My name is Bimbo Olamide and for the next blogging moments, I shall be your Host. If your quite ready, lets get this ball rolling, shall we?!
This God above us is a very humorous God and He does as He pleases with us mortals. In His infinite wisdom and for His utmost delight, His creations comes in all manner of sizes, shapes, colors, temperaments, lengths, strengths, widths and aptitudes. My guess is He did this to ensure we humans can enjoy life and never be bored. This must be the reason why there exist the big, the small, the rich, the poor, the fat, the thin, the tall, the short, the beast and the beauty…and whatever your pedigree, you’re bound to fall into one of these categories. After all, as they say, no one is perfect.
This INTRO brings me to the Subject above and I will elaborate further with my very own personal gist…

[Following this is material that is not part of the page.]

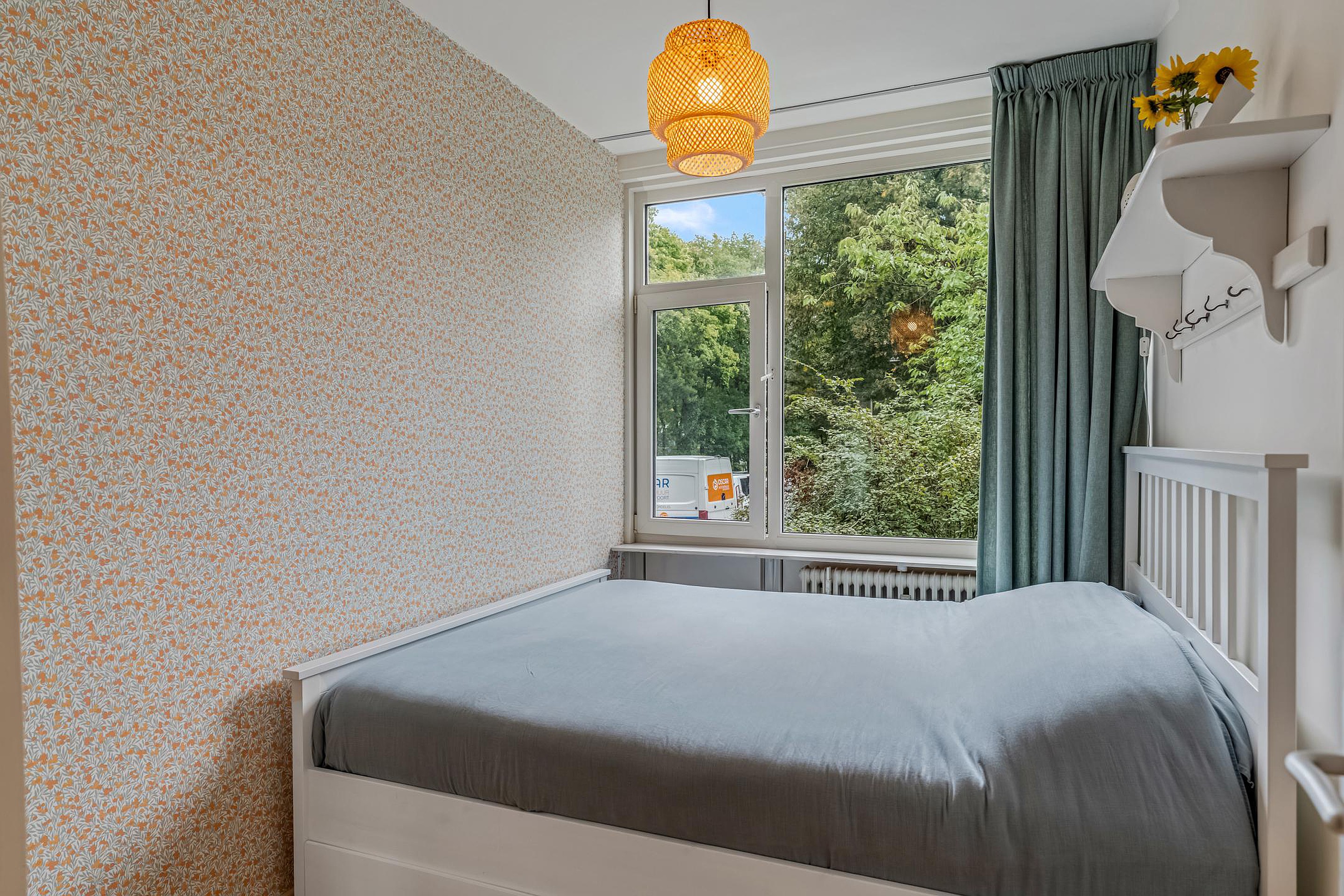 De ene slaapkamer is aan de voorzijde van de woning gelegen en de andere aan de achterzijde.

DIFFERENT STROKES FOR DIFFERENT FOLKS!
Some five years ago, I hit a milestone and as I looked at myself intensely in the mirror, it occurred to me that since I was 17, I’d maintained the same body weight line. OK, perhaps that to some may be good news but to me, it wasn’t especially when I needed to trend the latest ‘Aso Ebi’ and my Tailor had to exercise more patience than necessary in order to work me a perfect fit. I confess here and now that I got green eyed jealous whenever I saw at Events, Church and other public places Sisters with curvy bodies rocking their styles like goddesses.

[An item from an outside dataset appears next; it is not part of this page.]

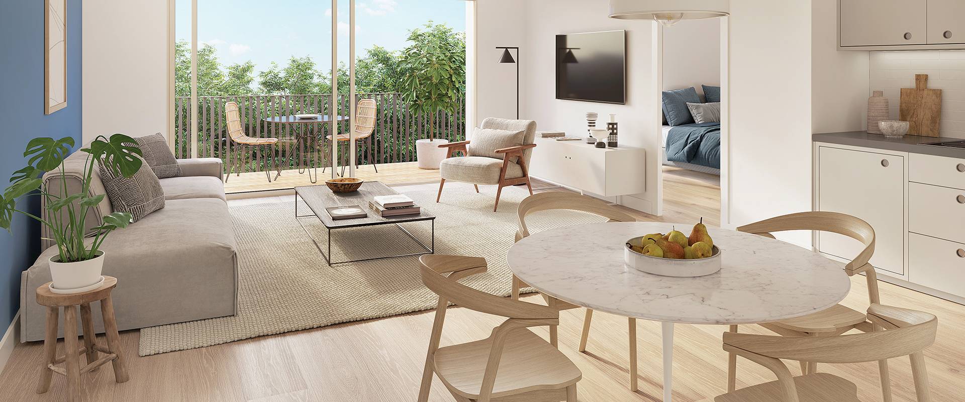 Située dans un environnement à la fois résidentiel et boisé, la résidence Les Jardins de Miville propose un cadre de vie agréable et paisible. La résidence se compose de trois bâtiments à l’architecture inspirée de l’ancien pigeonnier récemment réhabilité et de l’ancien corps de ferme de la Malmaison. Les appartements proposés vont du studio au 5 pièces et disposent tous de jardins privatifs, de loggias, de balcons ou de terrasses. Les intérieurs profitent de volumes vastes et généreux le tout dans une atmosphère cosy.

I tell the truth and I lie not, I had a feeling like God was sometimes unfair. Why would He endow one gal with lusciousness meant for ten grown women?!

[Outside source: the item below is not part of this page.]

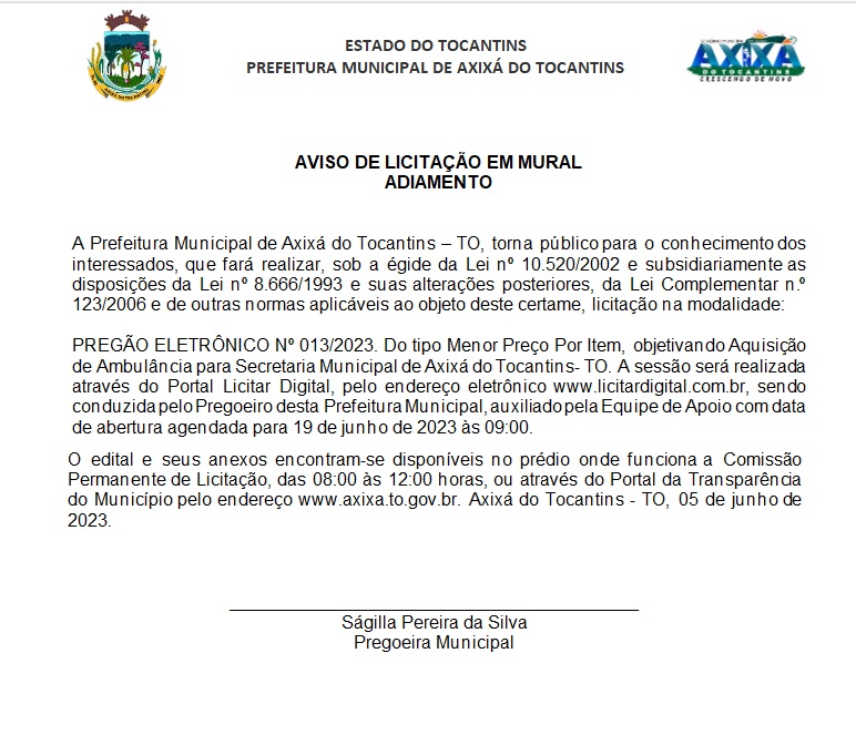 Publicidade Publicidade Geral PREFEITURA DE AXIXÁ DO TOCANTINS – AVISO DE LICITAÇÃO EM MURAL ADIAMENTO By Folha do Bico 6 de junho de 2023 0 142 Share WhatsAppPrintTelegramFacebookTwitterCopy URL Folha do Bico Noticias Relacionadas Recorte Automático de Vídeo para uma Edição Multiformato Sem Esforço 5 de dezembro de 2025 PREFEITURA DE MAURILÂNDIA DO TO – ATO AVISO DE CONCORRÊNCIA ELETRÔNICA Nº 06/2025 – REPUBLICAÇÃO 2 de dezembro de 2025 PREFEITURA DE MAURILÂNDIA DO TO – ATO AVISO DE CONCORRÊNCIA ELETRÔNICA Nº 05/2025 – REPUBLICAÇÃO 2 de dezembro de 2025 Share WhatsAppPrintTelegramFacebookTwitterCopy URL Previous articleARAGUATINS: Confira a programação completa da comemoração dos 155 anos de história do municípioNext articleARAGUATINS: Veja as vagas de emprego no SINE para esta terça, 6 - Advertisement - - Advertisement - Ultimas noticias Para Nunes Marques, afastamento de Wanderlei era excessivo e violava estabilidade institucional 5 de dezembro de 2025 STF derruba afastamento de Wanderlei Barbosa e governador reassume mandato 5 de dezembro de 2025 “Decisão assertiva”: Ayres destaca respeito ao voto popular na volta de Wanderlei 5 de dezembro de 2025 44 mil famílias sem casa. Enquanto isso, a política do Tocantins segue repetindo promessas que nunca saem do papel 5 de dezembro de 2025

I couldn’t tell why but I didn’t enjoy anymore this never ending teenager’s bodily structure I was stuck in. Even a trip to the Doc that said I was good couldn’t undo this “un-nice” feeling I had about my body. A few questions here and there and I got on an appetite enhancer desperately gaming for a 10 kg increase from my 50 kg. Oh dear, how I so failed! Nothing I did bought me even a kg extra. Was I mad at myself?! Yes I was!
As the years rolled by, I accepted the fate that I was born thin!!! I can’t explain how infuriated I got when I complained to close pals only to hear how lucky I was to have what others were dying to have! Really?!
Its five years after and I have even prayed and begged God to approve me 5 kg since He didn’t have 10 to spare and He’s not listening to me at all on that subject! And I have had an earful of how peeps are looking for what I have while I’m doing appetite enhancers to have what they want! Mehnn, isn’t life fun and funny!!!
Resigned to living in this body I cant do nothing about, and just for your ears only…I now wear every thing padded!!! lol!!!
Irony is truly when a thin gal like me is now writing for a Plus Size Blog…right?!
I may not understand your struggles, but I know what it means not to like your own body and do all sorts to change and fail and then give up and go back to the very beginning of liking what you’ve got and treating it well.
I like Sisters who are full, they fit into their clothes like they live in it.
I like Sisters who are chubby, they smile with their heart.
I like Sisters who are big, they are stand out in any gathering.
I like Sisters who are plus, they are beautiful, not seen any ugly one yet.
I like Sisters who we call f*t, they don’t have to do padded bras and hips and bum!
Its your turn, lets hear why you like you as being Plus size.